Über eine Crowdfunding-Kampagne sammelte Sono Motors innerhalb von 50 Tagen rund 53 Millionen Euro ein, einen Teil davon mit der White-Label-Software-Lösung von CrowdDesk. Es war die größte Kampagne dieser Art in Europa – und sicherte Sono Motors den Fortbestand ihrer Idee. Mit dieser Summe treibt das Start-up die Serienproduktion ihres Solarautos weiter voran. Für Laurin Hahn habe die erfolgreiche Kampagne erneut bewiesen, wie stark die Community ist. Dank der Unterstützung der Crowd sieht das Team von Sono Motors seine Vision bestätigt: Die Welt mit einer nachhaltigeren Mobilität besser zu machen. 

Das Beispiel verdeutlicht einen Vorteil alternativer Finanzierungsformen: Indem die Crowd anstelle von institutionellen Investoren genutzt wird, behalten Start-ups die Entscheidungsgewalt über ihr Unternehmen und dessen zukünftigen Werdegang. Auf der anderen Seite erhalten Privatinvestoren die Chance, die Gründer- und Unternehmenskultur ihres Landes mitzugestalten und nachhaltige Start-ups und Innovationen aktiv zu fördern. 

Die Crowd sucht nach sinnvollen Investments – Start-ups bieten sie

Der Crowd-Gedanke steht auch bei Enapter im Vordergrund. Das Start-up will mit seiner AEM-Elektrolyse (Anion Exchange Membrane) den Energiemarkt verändern. Wie vielversprechend die Versorgung mit klimafreundlicher Wasserstoffenergie ist, hat übrigens auch die Politik erkannt. Nach dem Willen der Bundesregierung soll Deutschland bei ihrer Nutzung Vorbild werden. Anfang Juni verabschiedete das Bundeskabinett zu diesem Zweck eine Nationale Wasserstoffstrategie, die Milliardenzuschüsse, rechtliche Erleichterungen und konkrete Produktionsziele vorsieht. 

Daher verwundert es auch nicht, dass der Enapter-Geschäftsführer Sebastian-Justus Schmidt immer wieder von Interessenten angesprochen wurde, die das Konzept der dezentralen Nutzung von grünem Wasserstoff finanziell unterstützen oder ihr Geld einfach sinnvoll anlegen wollten. „Bei einigen Interessenten steht mehr im Vordergrund, eine gute Sache zu unterstützen, statt daraus einen monetären Vorteil zu erwirtschaften. Enapter bietet beides”, verrät Schmidt. Eine Crowdfunding-Kampagne ist für ihn daher die perfekte Lösung. Einerseits kann der Geschäftsführer Kapital für sein Unternehmen beschaffen und andererseits Anlegern eine nachhaltige Investitionsmöglichkeit anbieten. Knapp 100.000 Euro hat Enapter bereits eingesammelt. Für Sebastian-Justus Schmidt hat diese Form der Finanzierung einen besonderen Vorteil: „Ich denke, dass ein Crowdinvesting auch eine Art Pulsmessen ist: Es hilft uns dabei, Aufmerksamkeit zu schaffen.” 

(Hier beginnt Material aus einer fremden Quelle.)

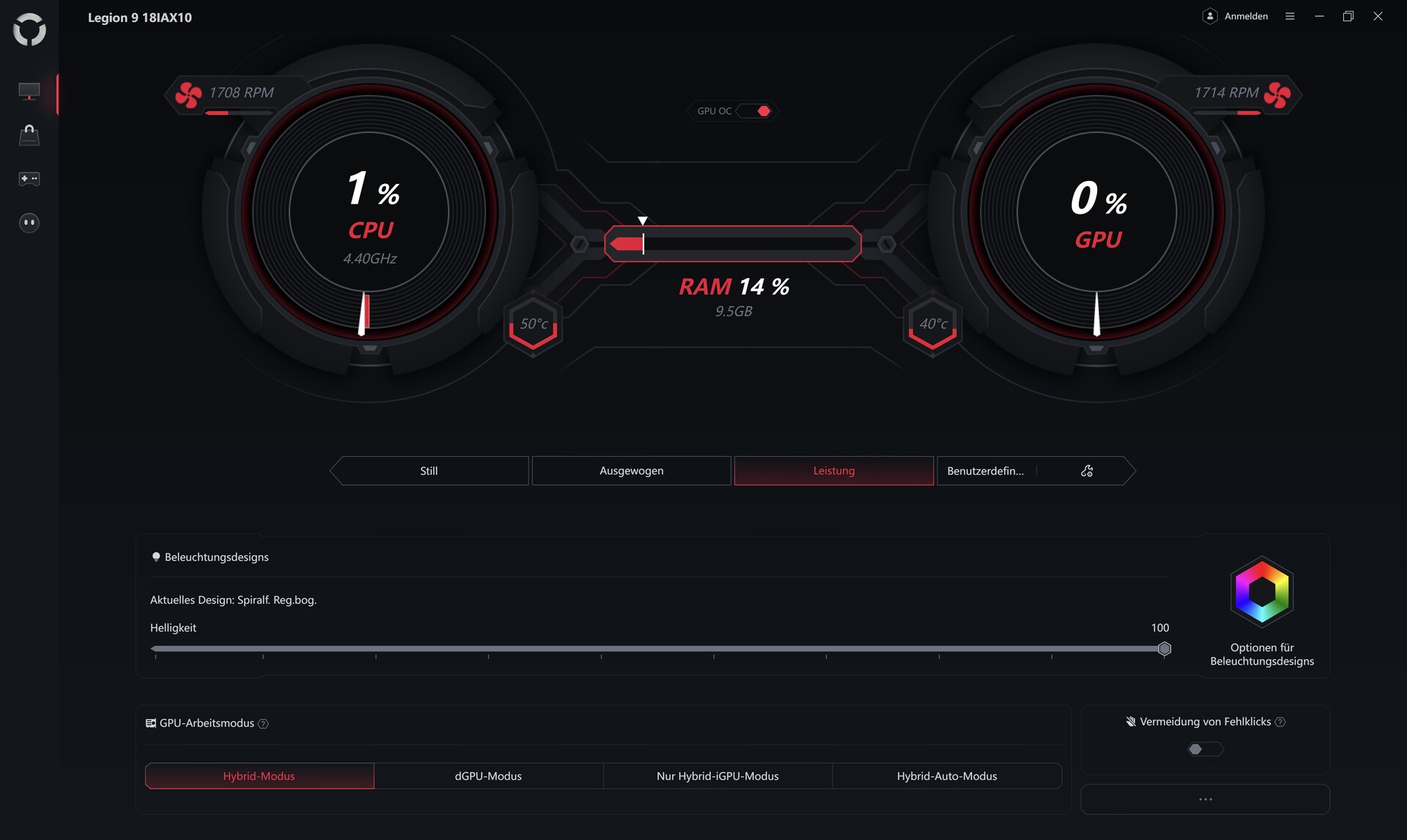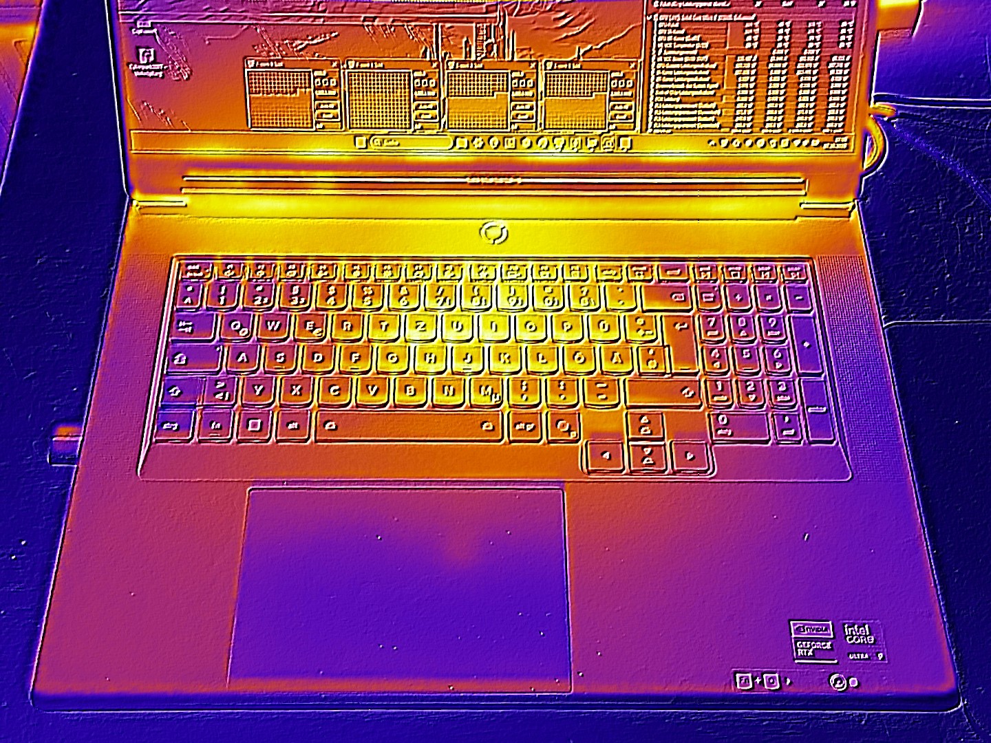 Precis som med RTX 5080-modellen är temperaturutvecklingen något märklig. Medan Legion 9 18 redan blir relativt varm i viloläge, värms chassiytorna knappt upp under belastning men når ibland liknande värden.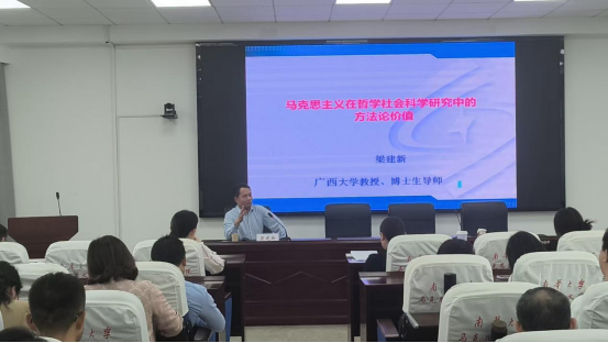 2025年3月27日下午,广西大学太阳成集团tyc234cc副经理、博士生导师梁建新教授受邀莅临公司南华楼1408会议室,为师生带来了一场题为《马克思主义在哲学社会科学研究中的方法论价值》的学术讲座,并就2025年国家社科基金课题申报的要点进行了专题指导。本次会议由太阳成集团tyc234cc经理代艳丽教授主持,公司师生代表积极参与。
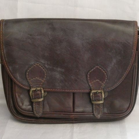 Nahkainen lähettilaukku. Käytetty ja patinoitunut, iästä ei tietoa.

Crowdfunding als Teil eines breiten Finanzierungsmix

Crowdfunding kann außerdem als Basis für einen klassischen Bankenkredit genutzt werden. Da viele junge Unternehmen nicht genug Kapital besitzen, um sich für einen Kredit zu qualifizieren. Das gehypte Berliner Start-up Thermondo finanziert den Großteil seines Projektes durch die Berliner Volksbank, ein Teil des Kapitals soll aber auch über die Crowd finanziert werden. So stellt sich das Start-up unabhängiger in Sachen Finanzierung auf. Für Thermondo ist das Crowdfunding aber auch eine klassische Marketing-Kampagne: Es will seine Bekanntheit weiter steigern.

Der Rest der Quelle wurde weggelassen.